Sunday 26 February 2012

BARINGS BARED


Barings Bank, founded in 1762 as the John and Francis Baring Company,  was declared insolvent on the 26th February 1995, and appointed administrators began managing the finances of Barings Group and its subsidiaries. 

Sir Francis Baring (left), with brother John Baring
And son-in-law Charles Wall, 
in a painting by Sir Thomas Lawrence 
The same day, the Board of Banking Supervision of the Bank of England launched an investigation led by Britain's Chancellor of the Exchequer; their report was released on 18 July 1995. Lord Bruce of Donington, in the House of Lords’' debate on the report, with masterful irony (a wonderful piece of performed writing) said:
“Even the provisional conclusions of the report are interesting. I should like to give them to the House so that we may be reminded what the supervisory body itself decided at the end of such investigation as it was able to make. It stated on page 250:
"Barings' collapse was due to the unauthorised and ultimately catastrophic activities of, it appears, one individual (Leeson) that went undetected as a consequence of a failure of management and other internal controls of the most basic kind".
The words I venture to emphasise to your Lordships are these:
"as a consequence of a failure of management and other internal controls of the most basic kind".
Noble Lords who have read through paragraph 14.2 of the report will be aware that it specifies these deficiencies. The report states:
"Management teams have a duty to understand fully the businesses they manage".
Really! They really have to understand the businesses! I would have thought that it was an elementary assumption to make that the controllers should understand the nature of the businesses they are trying to control. The next requirement is this:
"Responsibility for each business activity has to be clearly established and communicated".

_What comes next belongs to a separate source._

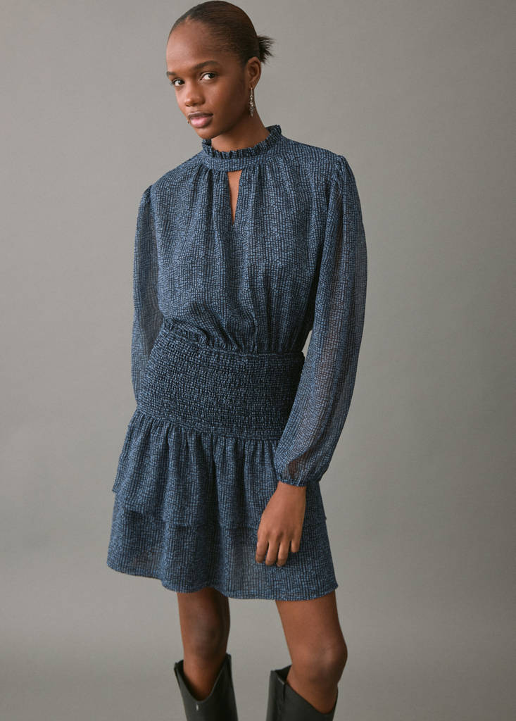 Tissu froncé. Motif imprimé. Design évasé. Coupe courte. Col rond. Manches longues avec poignets élastiques. Détail d'ouverture. Détail de volants. Fermeture par bouton à l'arrière

Hooray for that! I wonder how businesses in this country manage in their generality to continue without that qualification. The third requirement is:
"Clear segregation of duties is fundamental to any effective control system".
Tut, tut! We are now treating the real elementum of the whole art and science of management, and it needs to be repeated here. The report continues:
"Relevant internal controls, including independent risk management, have to be established for all business activities".

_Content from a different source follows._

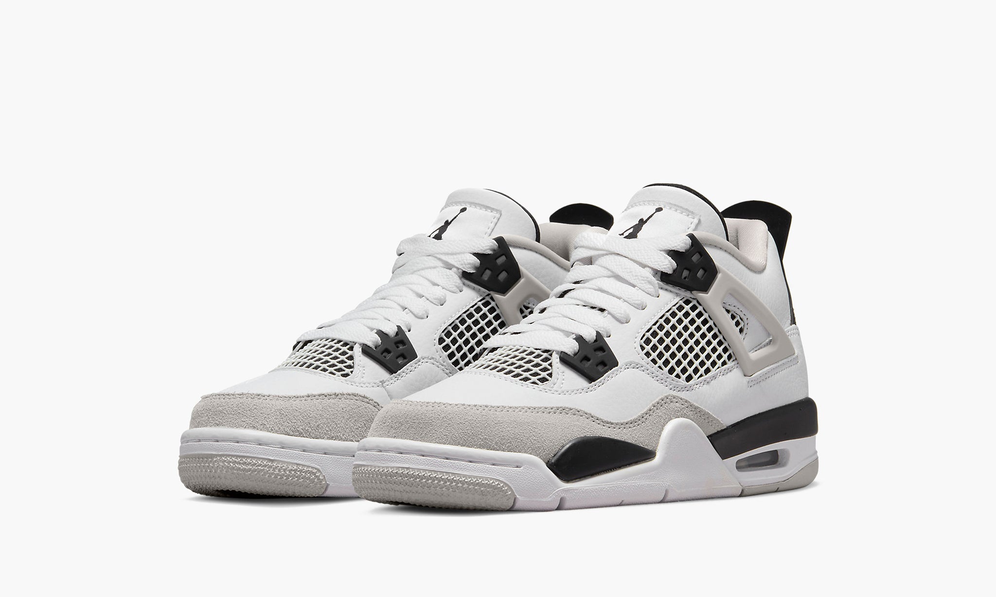 The Air Jordan 1 GS “Military Black” is the youth sizing of the colorway of Michael Jordan’s fourth signature shoe that replicates the color block of the model’s popular, original “Military Blue” style from 1989. The Jordan 4 GS “Military Black” is inspired by the Jordan 4 “Military Blue” as it features the same color design as the old school colorway, just with black accents instead of blue. The shoe’s upper is constructed with a white leather base with grey suede on the forefoot overlay. The TPU eyelets and heel counter are accented in black. As are the underlays beneath the netting on the sides and on the tongue. Classic Jumpman logo detailing can be found on the heel and on the tongue tag. Release date: May 21, 2022

Hooray for that! These are matters of plain, ordinary common sense. One does not need to be an accountant or a management consultant to be aware of that. Finally:
"Top management and the Audit Committee have to ensure that significant weaknesses, identified to them by internal audit or otherwise, are resolved quickly".

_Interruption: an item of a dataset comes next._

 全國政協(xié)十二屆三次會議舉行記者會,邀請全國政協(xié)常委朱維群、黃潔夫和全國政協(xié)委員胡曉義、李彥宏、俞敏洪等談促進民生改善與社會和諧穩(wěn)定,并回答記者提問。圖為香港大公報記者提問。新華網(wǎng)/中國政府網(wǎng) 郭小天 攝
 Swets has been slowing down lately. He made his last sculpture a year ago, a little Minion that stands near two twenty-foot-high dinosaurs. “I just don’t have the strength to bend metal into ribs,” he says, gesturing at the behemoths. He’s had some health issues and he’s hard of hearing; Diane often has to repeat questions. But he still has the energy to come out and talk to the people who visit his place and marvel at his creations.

Well, well, well! These are all respects which this control body finds were absent from Barings. Do noble Lords really know what is being said? It is being said that Barings ought not to have been authorised bankers from the beginning, because any business — I do not care whether it is a whelk stall (one must not insult whelk stall owners in the context of this catastrophe) or what — knows that these are the basic conditions for the continuance of the business. It seems to me that the Bank of England ought never to have authorised this concern without verifying that all these conditions were in”

An extraordinary outcome after 233 years of trading.